Job assignment process

If a job is available and matches the worker's capabilities, based on kudos priority:
- The worker receives a job payload with a unique generation UUID.
- For workers configured to handle multiple generations, multiple UUIDs may be provided.
The job is queued for execution if the worker is currently busy.
The required model begins loading into system memory immediately or as soon as resources are available.
Once the previous generation (if any) is complete, work begins on the new generation.
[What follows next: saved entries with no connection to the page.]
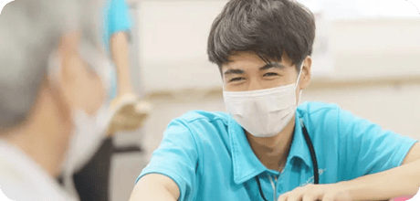 介護の実務研修では、食事、入浴、排泄、移乗などの介助技術を学びます。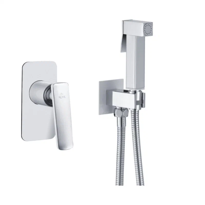 Гигиенический душ со смесителем Rose R1605F, белый/хром. Управление: рычажное. Материал: латунь. Монтаж: внутренний (скрытый).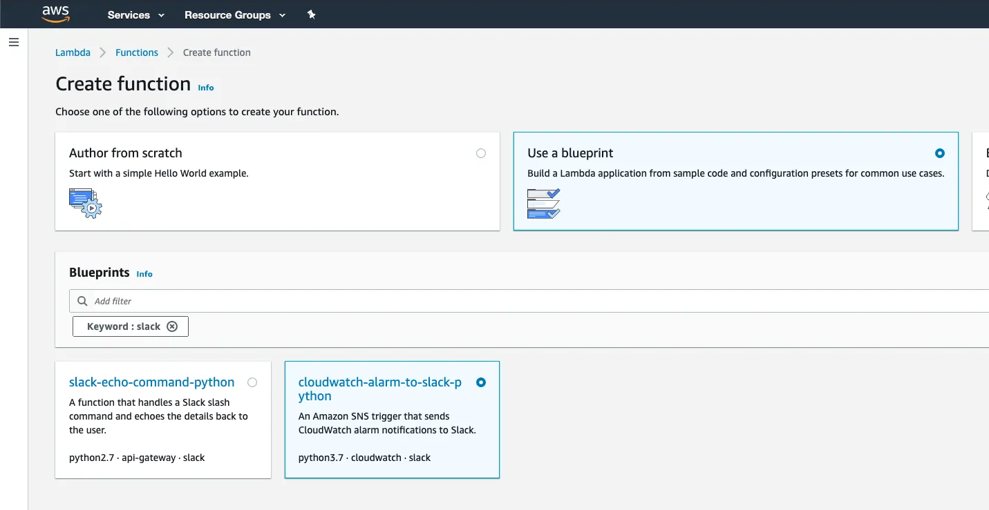 Blueprintはこちら。cloudwatch-alarm-to-slack-python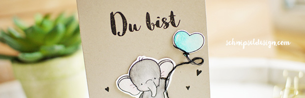 Hallo, hallo und willkommen zurück. Heute gibt’s ein Kärtchen zum Geburtstag das ich vor kurzem gewerkelt hab für eine sehr gute Freundin. Verwendet hab ich dafür ein neues Stempelset von Papierprojekt- #36 Grüße und einen Elephant aus dem Adorable Elephants Set von My Favorite Things. Die Basis-Karte ist in Savanne.
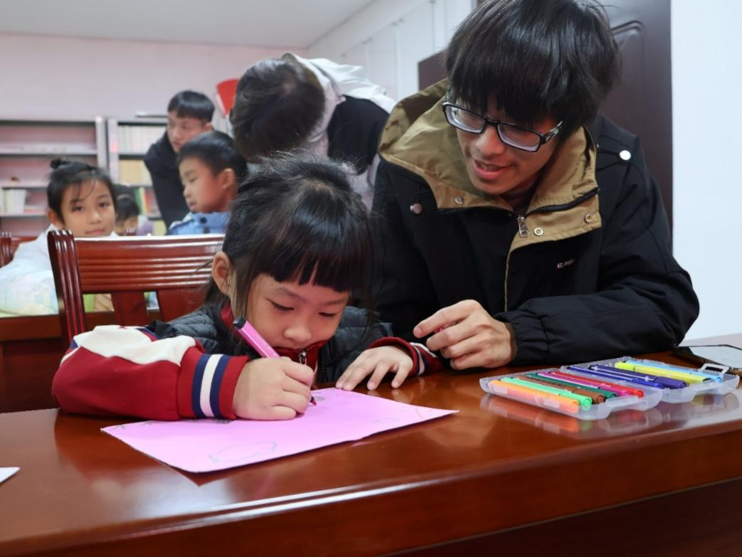 志愿者指导小朋友绘画(钟炎文/摄)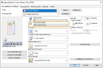 Match [Output Size] i printerdriveren med formatet på det papir, der skal printes på.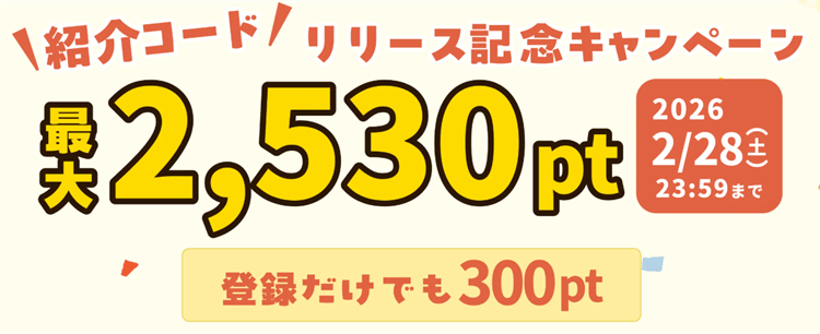 条件はちょくちょく変わっていますが、現在は概ね紹介で入会すると2,530円相当貰えるので下記バナーより入会がお得ですよ!

4. Job Execution and Processing

The worker processes the job according to the specified parameters.
Post-processing is performed if applicable (e.g., upscaling for images).
For image generation, safety checks are conducted:
- NSFW content is filtered if requested by the user.
- Checks for illegal content are always performed.

5. Result Submission

The worker prepares the final Job Submit payload.
- For multiple generations, a submission for each generation is prepared.
The worker attempts to upload each result (if applicable, e.g., for images).
- If unrecoverable failures occur before this point:
  - The Job Submit payload notifies that the job faulted.
  - The API is notified to minimize delay before reassigning the job.
The final Job Submit payload(s) are submitted to the API.
- Repeated submission failures may lead to the job being abandoned client-side.
- The API eventually times out abandoned jobs and reassigns them if possible.
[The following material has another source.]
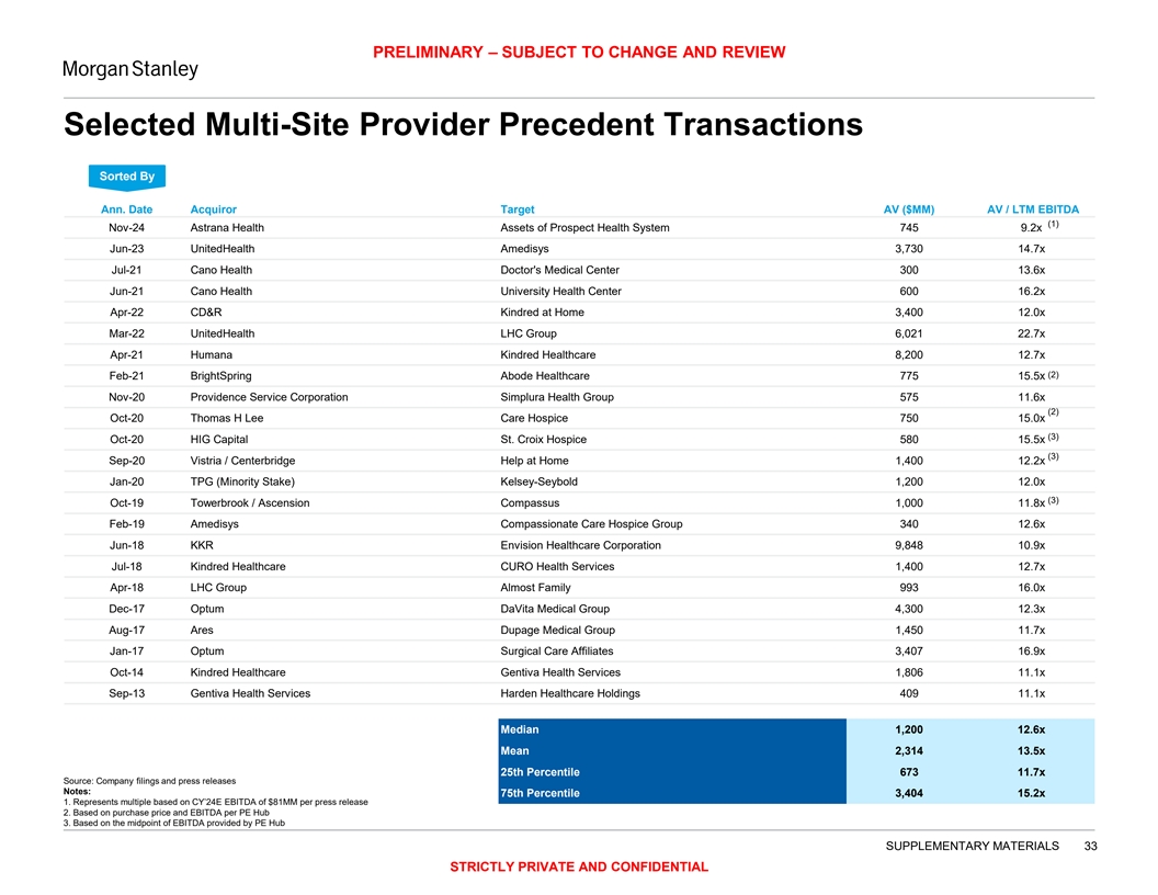 Preliminary – subject to change and review selected multi-site provider precedent transactions sorted by Ann。日期收购Prospect Health System的Target AV($ MM)AV/LTM EBITDA(1)Nov-24 Astrana Health Assets of Prospect Health System 745 9.2x Jun-23 UnitedHealth 阿米斯医疗 3,730 14.7x Jul-21 Cano Health Doctor ' Medical Center 30013.6x Jun-21 Cano Health University Health Center 60016.2x Apr-22 CD & R Kindred at Home 3,40012.0x Mar-22 UnitedHealth LHC集团 6,021 22.7x Apr-21 TERM0哈门那金德里德保健 8,200 12.7x(2)Feb-21 BrightSpring Abode Healthcare 77515.5x Nov-20 Providence Service Corporation Simplura Health Group 57511.6x(2)Oct-20Help at Home 1,40012.2x Jan-20 TPG(少数股权)Kelsey-Seybold 1,20012.0x(3)Oct-19 Towerbrook/Ascension Compassus 1,00011.8x Feb-19丨Amedisys丨Compassionate Care Hospice Group 340 12.6x Jun-18丨KKR KKR丨远景医疗保健公司Envision Healthcare Corporation丨9,848 10.9x Jul-18丨Kindred Healthcare 金德里德保健TERM4TERMOCURO Health Services 1,40012.7x Apr-18丨LHC Group LHC集团TERM6丨Almost Family 阿莫斯特家庭保健Surgical Care93 16.0x Dec-17 Optum丨达维塔丨达维塔保健医疗集团4,30012.3x Aug-17 Ares Dupage医疗集团1,45011.7x Jan-17 Optum丨外科公司文件和新闻稿说明:第75个百分位3,404 15.2x1。表示基于CY'24E EBITDA的倍数,每份新闻稿2为81mm美元。基于购买价格和EBITDA每PE枢纽3。基于PE Hub Supplementary Materials提供的EBITDA的中点33严格私人和保密

6. Request Completion and Result Retrieval

Once all jobs for a request are completed, the user can retrieve the results.
The retrieval process differs based on the request type:
- Text Requests:
  - Users poll the relevant 'status' endpoint to check progress and receive the final generation data.
- Image Requests:
  - Users first poll the relevant 'check' endpoint to monitor progress.
    - This endpoint has less restrictive rate limits but doesn't return the final image data.
    - It indicates completion with a done: true field.
  - Once complete or partially complete, users can use the 'status' endpoint to retrieve the generated images.

7. Kudos Distribution

Upon successful completion of a job, the worker is awarded kudos.
The amount of kudos awarded is based on the complexity and resource requirements of the job.
Workers also receive a nominal amount of kudos for being online and available, awarded in 10-minute increments.
These earned kudos can be used by the worker's owner for their own requests or left unspent, effectively contributing to the broader AI Horde community.
See the full explanation of kudos on the dedicated page.
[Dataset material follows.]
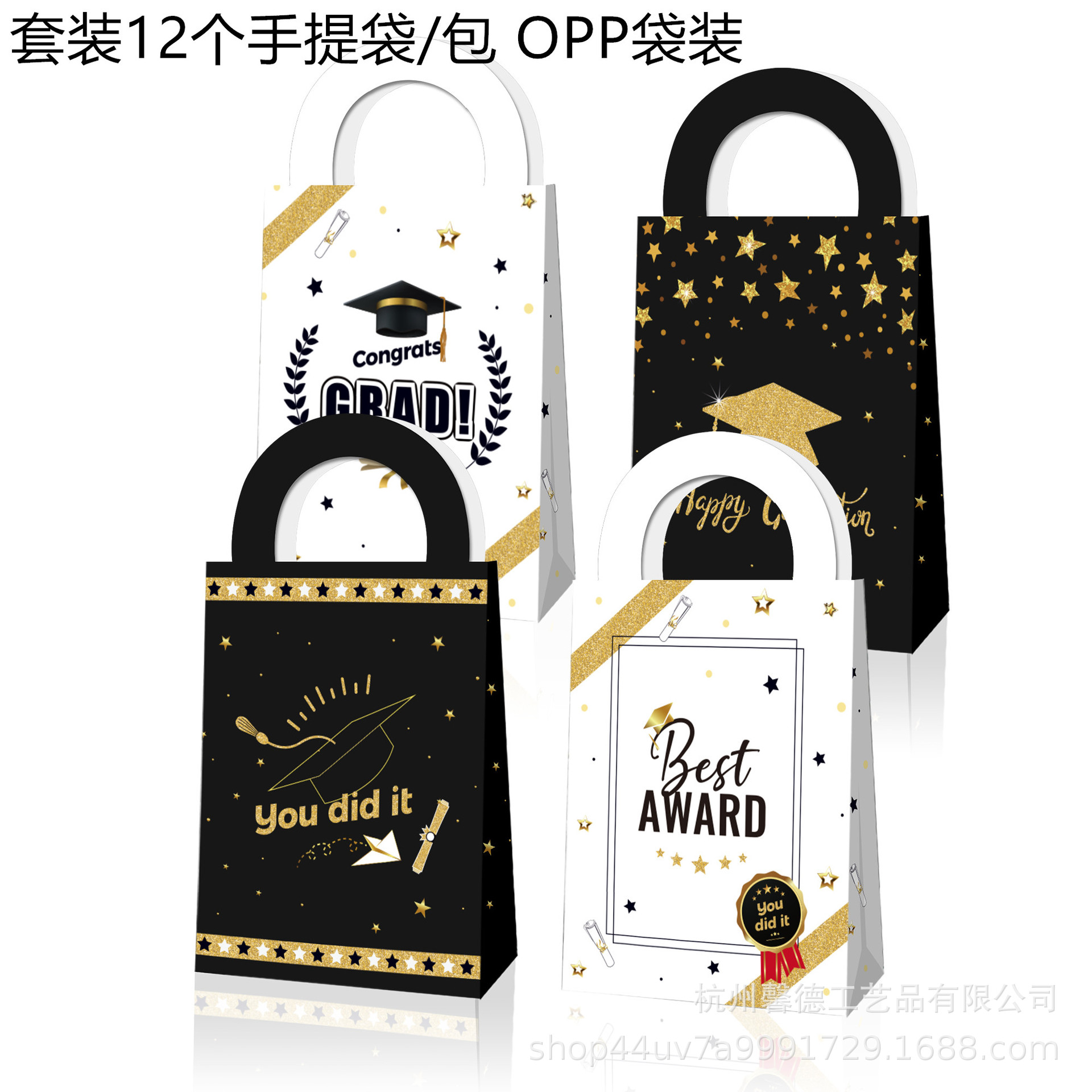 BD077 Amazon 2025年卒業シーズン 白黒系パーティー記念品一体型牛革紙袋

Worker Types and Technologies

The AI Horde supports various types of workers:

Image Generation Workers
Technologies: Stable Diffusion (SD1.5, SD2.1, SDXL, "Stable Cascade"), Flux Schnell
The official worker is powered by ComfyUI, potentially allowing for any ComfyUI-supported model (license permitting).
Generated images undergo checks for potentially illegal content:
- Images failing checks are deleted and replaced with a warning image.
- Multiple control layers include prompt analysis, machine vision, and human review.
Image Alchemy Workers
Perform tasks like AI-model based upscaling, face-fixing (e.g., codeformers), and other image processing.
Some alchemy operations can be part of the initial image generation process, improving response times.
Text Generation Workers
Utilize a wide variety of Large Language Models (LLMs).
The full list of supported models is available in the official AI Horde text model reference.

Each worker type specializes in specific tasks within the AI Horde ecosystem, contributing to the overall functionality and versatility of the service. Workers earn kudos for their contributions, which helps maintain a fair and efficient system for resource allocation.